● Activity
There are pictures in the records below; leave them out and set down exactly the lines from the one holding "Messmate is a" through the one holding "Blaues Küstenschiff und".

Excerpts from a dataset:
━━━━━━━━━━━━━━━━━━━━
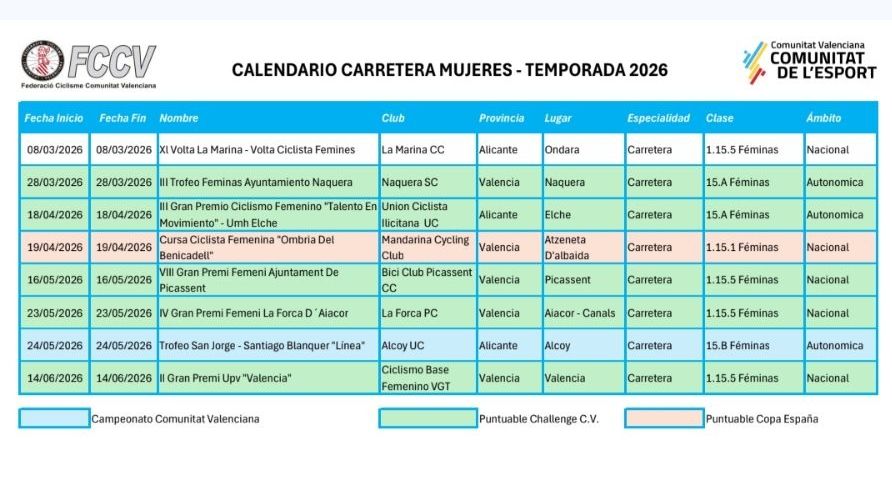 El calendario combinará pruebas de ámbito autonómico y nacional, incluyendo también, en su mayoría, citas puntuables para la Challenge Comunitat Valenciana y una jornada señalada para el Campeonato de la Comunitat Valenciana, conformando un bloque competitivo variado y continuo para el desarrollo del ciclismo femenino en carretera.
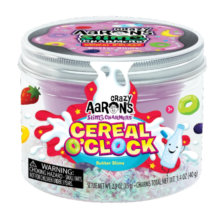What time is it? It's Cereal O'Clock, of course! Get ready for a bowl full of fun with this smooth, fuit cereal scented, purple butter slime. Crazy Aaron's® Cereal O'Clock Slime Charmers(tm) comes with white bingsu beads for the perfect crunchy texture and cereal-themed charms to mix in. Squish, stretch, and swirl your way to a playful slime adventure that's as fun as your favorite breakfast!
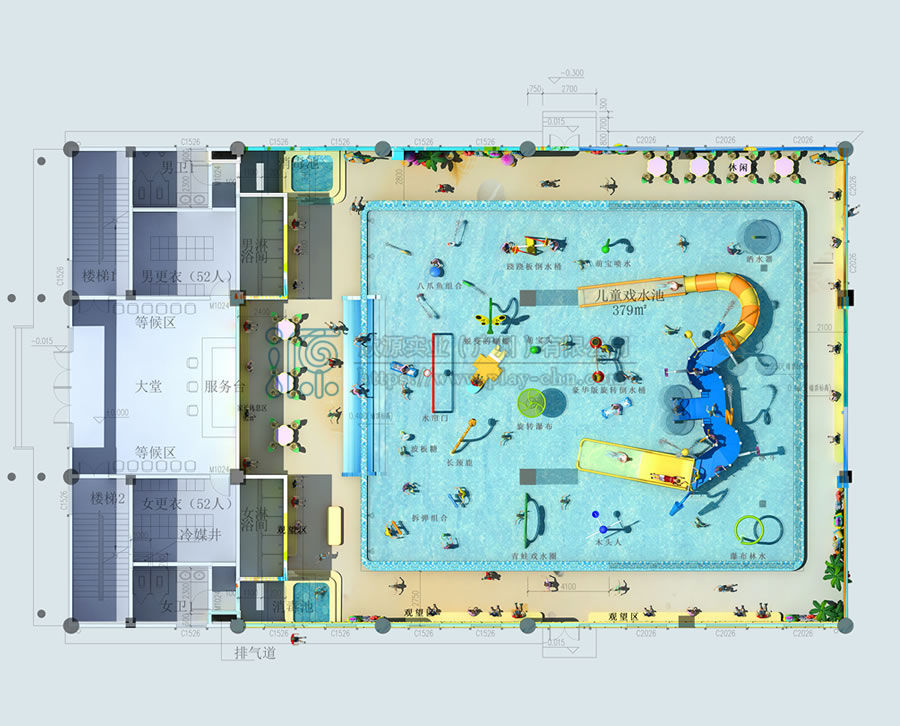 這是欣源實業定制的一個小型室內水上樂園案...
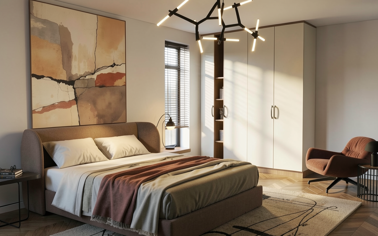 ultra realistic interior render in japandi minimal style soft natural daylight streaming through a large window creating gentle shadows and a calm atmosphere neutral color palette with warm whites beige soft greys and light wood tones clean lines uncluttered space and balanced composition materials natural oak wood linen fabrics textured plaster walls matte finishes subtle concrete elements furniture is low profile scandinavian inspired with japanese influence minimal decoration lighting diffused sunlight slightly warm tone soft shadows realistic light bounce serene and airy mood camera eye level perspective 35mm lens depth of field high dynamic range photorealistic textures global illumination ray tracing mood calm refined minimalist luxury cozy but spacious with a focus on light and materiality
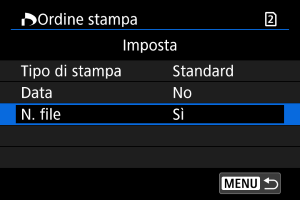 - Impostare le opzioni [Tipo di stampa], [Data] e [N. file].
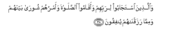 38. Na wanao mwitikia Mola wao Mlezi, na wakashika Sala, na mambo
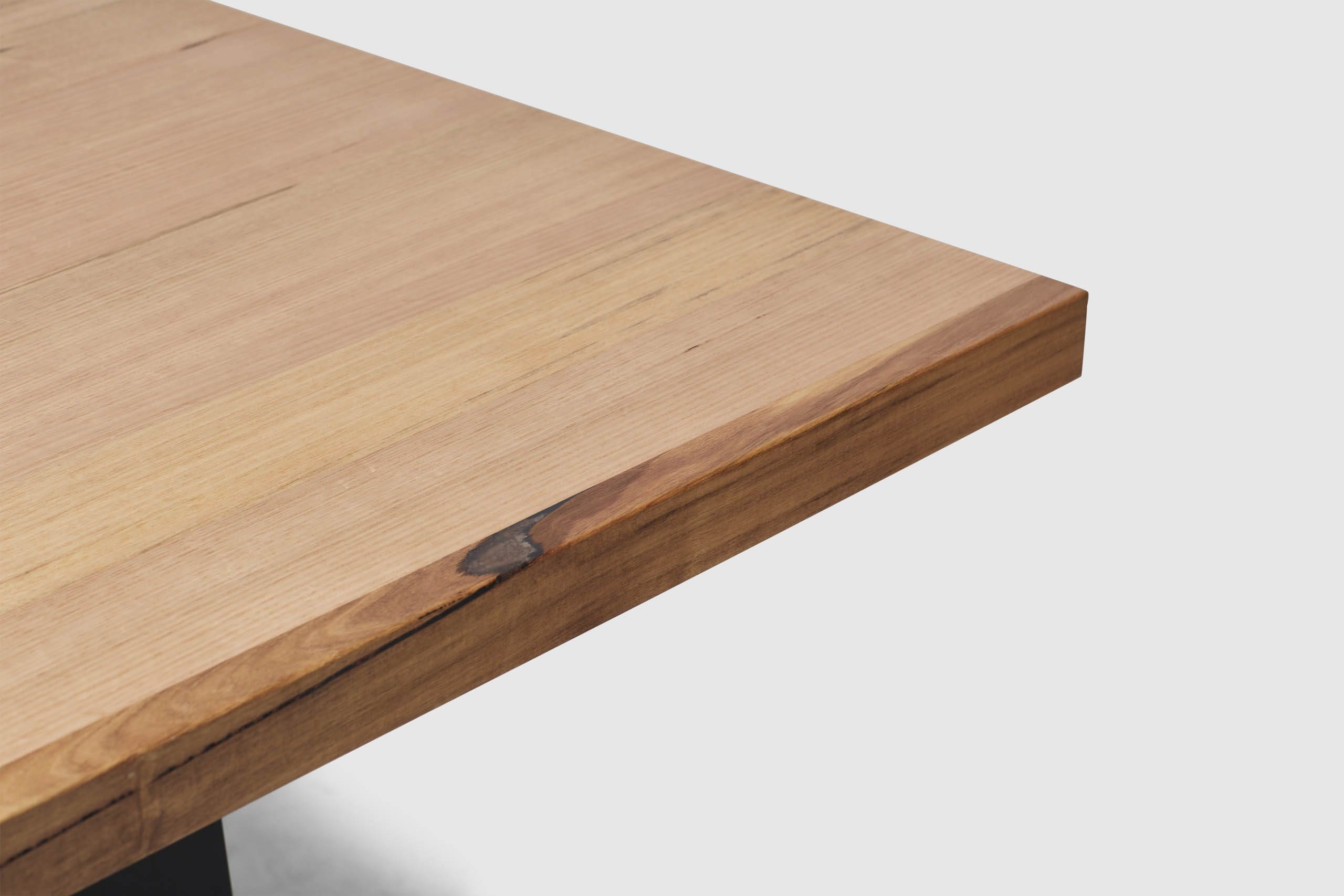 Messmate is a well-known and regarded Australian timber, with variations in colour from pale browns & black markings, through to light yellows and/or peach. A species rich and warm in detail, with moderately coarse textures of interlocking and/or straight grain features. Gum veins and crevasses are an inherent feature of Messmate, which has a moderate hardness and strength making it a versatile choice for furniture design.
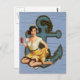 Blaues Küstenschiff und Ankerpool Party Postkarte
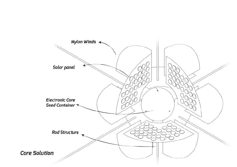 I have just thought, there will be 3 main components, 1. The Core. 3D printing volume with the seeds and the electronics 2. Solar Winds. Nylon fabrics with solar panels to charge the correct 3. The Skeleton. Light materials for the “wheel” structure
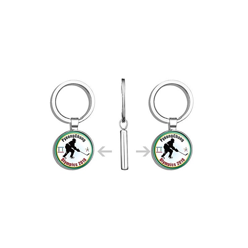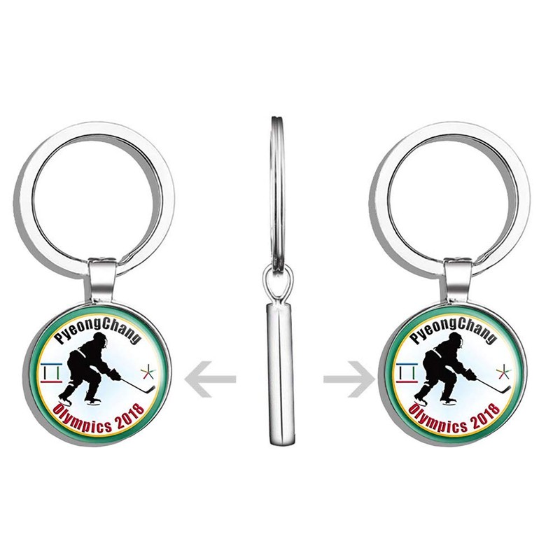 HJ Media Round PyeongChang Olympics ICE Hockey (Player Team Puck Logo) Metal Round Metal Key Chain Keychain Ring
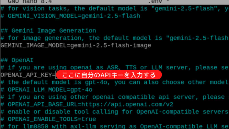 テンプレートはデフォルトで音声認識・会話処理・音声出力のすべてをOpenAIで行う設定になっています。.envの下の方までスクロールして、OpenAIのAPIキーを入力します。
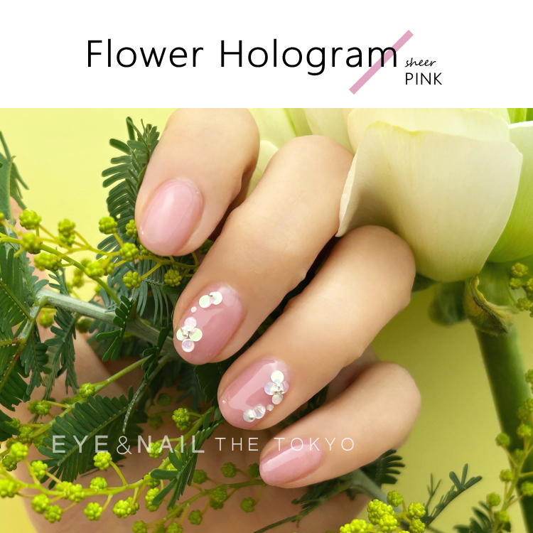 シアーピンクにオーロラホワイトホログラム小花デザイン☆
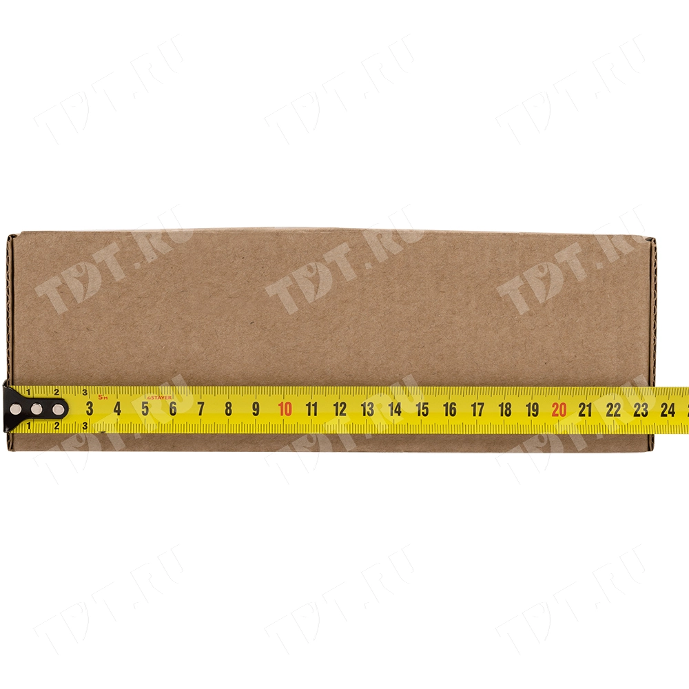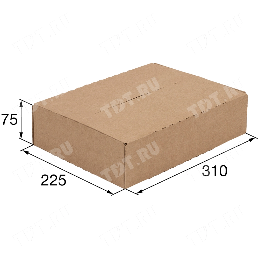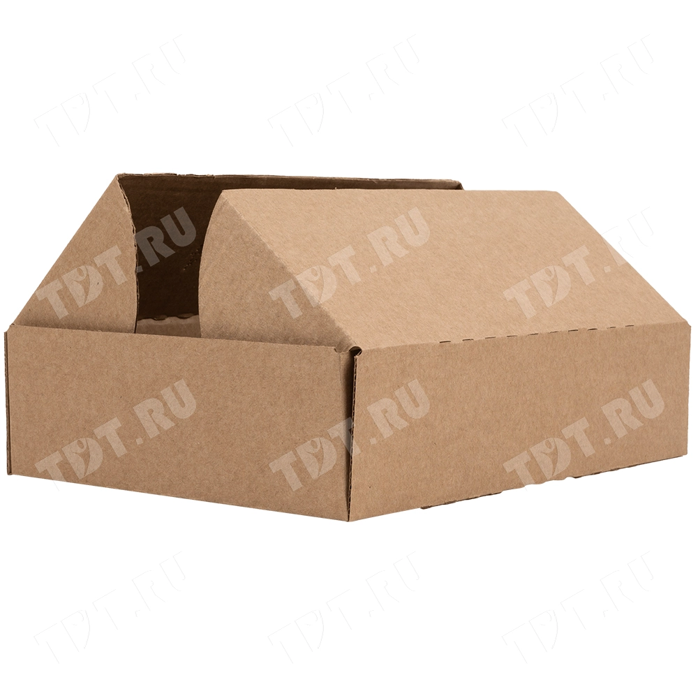 Книжный лоток №5, бурый, длиной 310 мм, шириной 225 мм и высотой 75 мм. Изготовлен из трёхслойного картона Т-23 В. Полезный объём — 5.2 л.
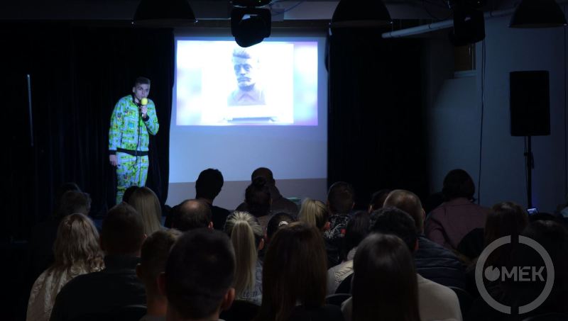 Gyülekeztek a résztvevők az ÓMÉK-Olvasó alagsorában. Baranyai Barna önálló estjére érkeztek. Az „Ország Leghülyébb Útikalauza” nevet viseli a stand up előadás, ami Magyarország legviccesebb, legbizarrabb látványosságait mutatja be többek között szobrokon, furcsa nevű kocsmákon, kisebb múzeumokon keresztül.
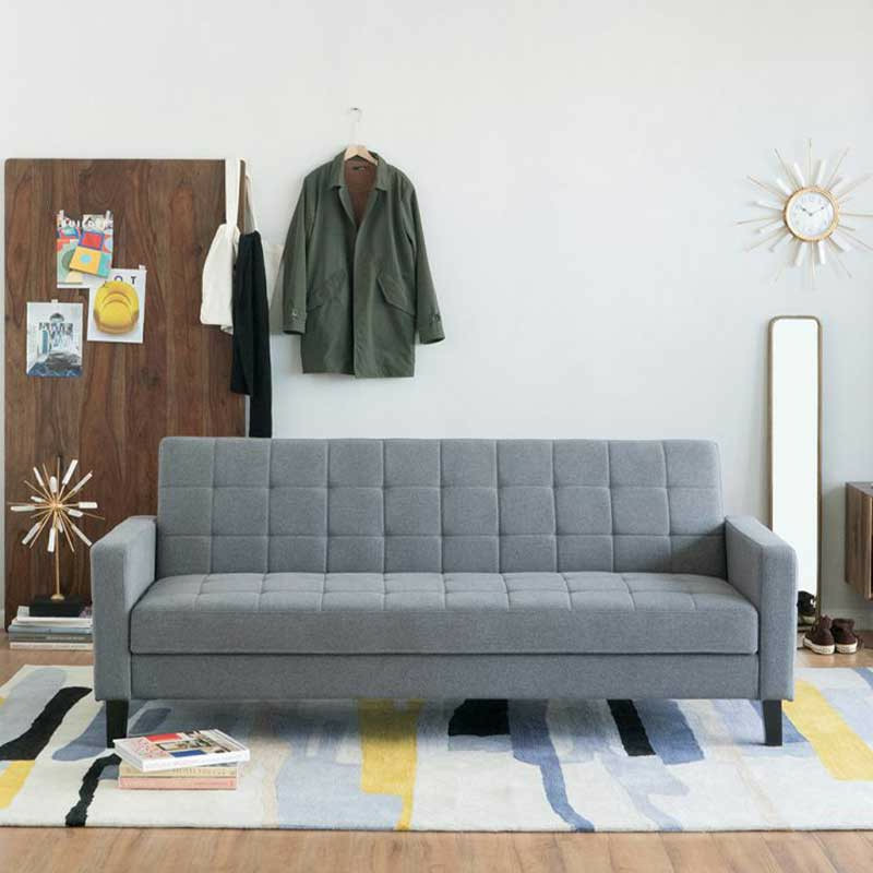 Découvrez le raffinement de ce beau canapé convertible en tissu gris. Avec son design contemporain, son tissu gris chic et ses pieds noirs robustes, ce canapé offre un équilibre parfait entre esthétique et fonctionnalité, créant une atmosphère accueillante dans votre intérieur !
━━━━━━━━━━━━━━━━━━━━
● Answer section
 Messmate is a well-known and regarded Australian timber, with variations in colour from pale browns & black markings, through to light yellows and/or peach. A species rich and warm in detail, with moderately coarse textures of interlocking and/or straight grain features. Gum veins and crevasses are an inherent feature of Messmate, which has a moderate hardness and strength making it a versatile choice for furniture design.
 Blaues Küstenschiff und Ankerpool Party Postkarte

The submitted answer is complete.